System requirements
Functional:
- User can search for events with filter.
- User can book events and receive tickets.
- User can cancel event reservation, or resale the tickets.
Non-Functional:
- We need to ensure no double booking - transactional and idempotent
- Latency for search should be minimized with 250ms.

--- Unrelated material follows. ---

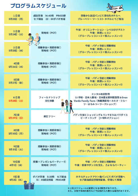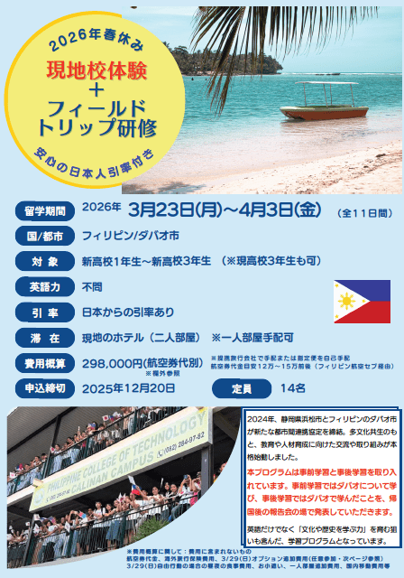 本プログラムは、高校生対象の春休み留学プログラムです。フィリピンの私立高校での現地校体験(授業に参加)・英語学習(クラスレッスン&マンツーマンレッスン)に加え、日本との深い繋がりのフィリピン-ダバオ市の歴史や平和教育、ダバオの豊かな自然環境の中でルーツやカカオ無農薬で育てている農場見学やそこでのワークショップなど、SDG’sの体験学習など、教育的なフィールドトリップが含まれています。また、同世代の現地の高校生がバディ生徒として、皆さんの留学をバックアップ!休日も一緒に出掛けたりなど、楽しく学習しながら、ダバオを満喫していただくプログラムとなっています。日本からの引率(日本人)と現地のパートナーオフィスの日本人による24時間緊急サポート付きですので、初めての海外、初めての留学の方にも安心してご参加いただけます!親日的なダバオ市の高校生と一緒に、楽しく有意義な留学を体験してみませんか?英語力は問いませんので、ぜひ挑戦してみてください!

- Data integrity and security when purchase is involved. However, we assume Payment service provider (PSP) is given.
Capacity estimation
- Assume 100M DAU
- User browse 10 events a day, book 1 events a day. (Read heavy)
- Roughly 10K read QPS, and 1K write QPS.
API design
Start with Restful. Open to discuss rpc if we have HTTP2+ is supported.
Have user info in header as JWT to ensure request integrity.
With TicketMaster, or common site, we do 2 phases commit where you can attempt to book (reserve) for 5 mins or so. Then you make the real purchase commit.
POST /v1/attempt
{
"eventId"
}
POST /v1/commit
Header
{
"idempotentKey"
}
Body
{
"eventId"
}
GET /v1/events?{searchTerm,zipCode,price...filter}
GET /v1/booking/{bookingId}
PUT /v1/booking/{boolingId}
{
"updateInfo"
}
DELETE /v1/booking
POST /v1/postTicket
{
"originalTicketId"
"resalePrice"
}
Database design
Assume relational with PostgreSQL. Open to discussion when we confirm a working basic solution and analyze the read & write access pattern.
Customer
=======
customer_id PK
Event
=====
event_id pk
Booking
======
booking_id PK (ConfirmationId)
idempotent_key Unique
customer_id FK
Seat
======
seat_id PK
booking_id FK
state OPEN | HOLD | PENDING | SOLD - hold for 5 mins, pending is for waiting payment, sold indicates the seat is not available.
price
High-level design
You should identify enough components that are needed to solve the actual problem from end to end. Also remember to draw a block diagram using the diagramming tool to augment your design. If you are unfamiliar with the tool, you can simply describe your design to the chat bot and ask it to generate a starter diagram for you to modify...
Request flows
Explain how the request flows from end to end in your high level design. Also you could draw a sequence diagram using the diagramming tool to enhance your explanation...
Detailed component design
Dig deeper into 2-3 components and explain in detail how they work. For example, how well does each component scale? Any relevant algorithm or data structure you like to use for a component? Also you could draw a diagram using the diagramming tool to enhance your design...
Trade offs/Tech choices
_For low latency search, especially with fuzzy search in search term, what can you do to improve the system?_
> Consider Elasticsearch for search query, and use Change Data Capture (CDC) (low cost - reading replication slot, build Kafka higher cost - Debezium) from Postgres to achieve data sync.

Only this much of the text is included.